An exact restatement of all the data is required, with the pictures left out.

=== Extracted data ===
════════════════
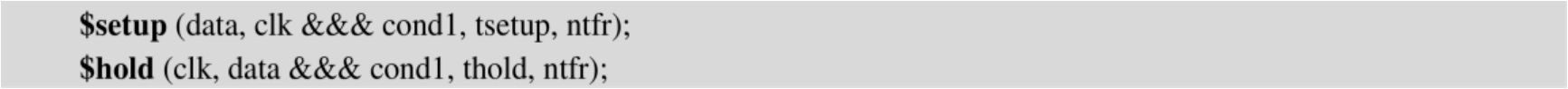 【例1.47】 条件时序检查Verilog HDL描述的例子。
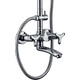 Двухвентильный смеситель с изливом длиной 13,8 см находится в основании душевой системы. Смеситель и излив изготовлены из хромированной латуни. На смесителе расположен дивертер, который служит для переключения потока воды с излива на душ. Верхний поворотный дивертер располагается над смесителем на штанге и осуществляет переключение между верхним и ручным душем.
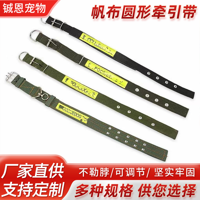 現物の犬の首輪の軍緑の厚い延長のダブルボタンのペットの首輪の丸い牽引ベルトのキャンバスは適用します。
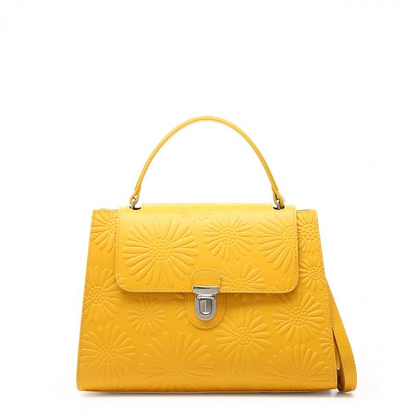 Giulia is another direction in monochromatic colors. Saffiano leather models with a daisy-embossed pattern and contrasting lining are extremely attractive.
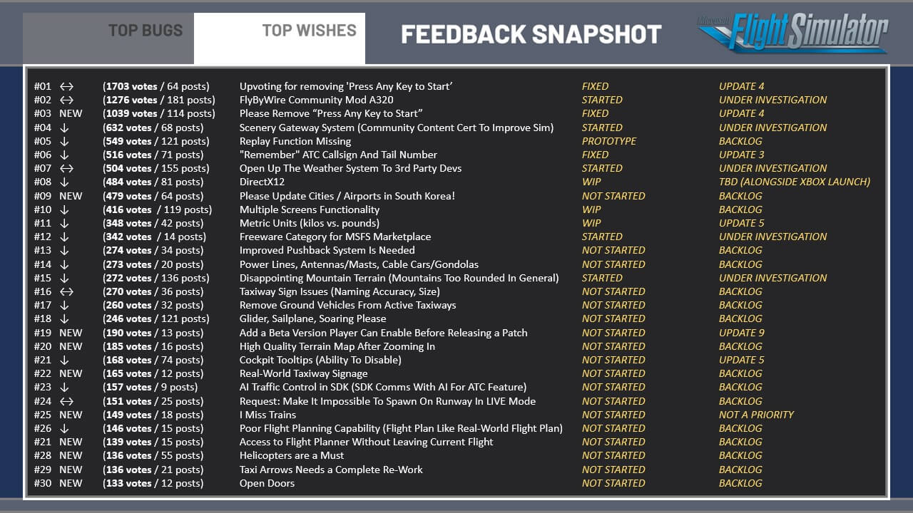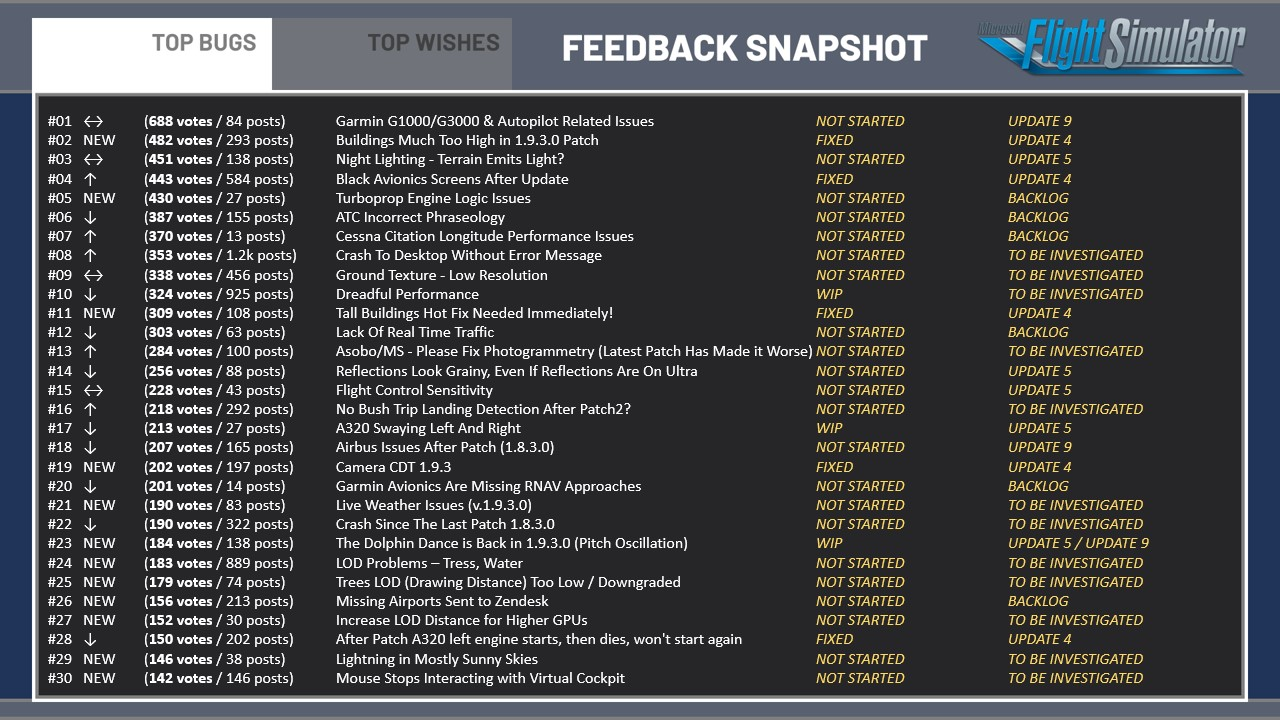 The top issue on the other hand – Garmin G1000/G3000 & Autopilot Related Issues – has yet to see any work start but is planned to be fixed in six updates’ time.
════════════════
=== Result below ===
 【例1.47】 条件时序检查Verilog HDL描述的例子。
 Двухвентильный смеситель с изливом длиной 13,8 см находится в основании душевой системы. Смеситель и излив изготовлены из хромированной латуни. На смесителе расположен дивертер, который служит для переключения потока воды с излива на душ. Верхний поворотный дивертер располагается над смесителем на штанге и осуществляет переключение между верхним и ручным душем.
 現物の犬の首輪の軍緑の厚い延長のダブルボタンのペットの首輪の丸い牽引ベルトのキャンバスは適用します。
 Giulia is another direction in monochromatic colors. Saffiano leather models with a daisy-embossed pattern and contrasting lining are extremely attractive.
 The top issue on the other hand – Garmin G1000/G3000 & Autopilot Related Issues – has yet to see any work start but is planned to be fixed in six updates’ time.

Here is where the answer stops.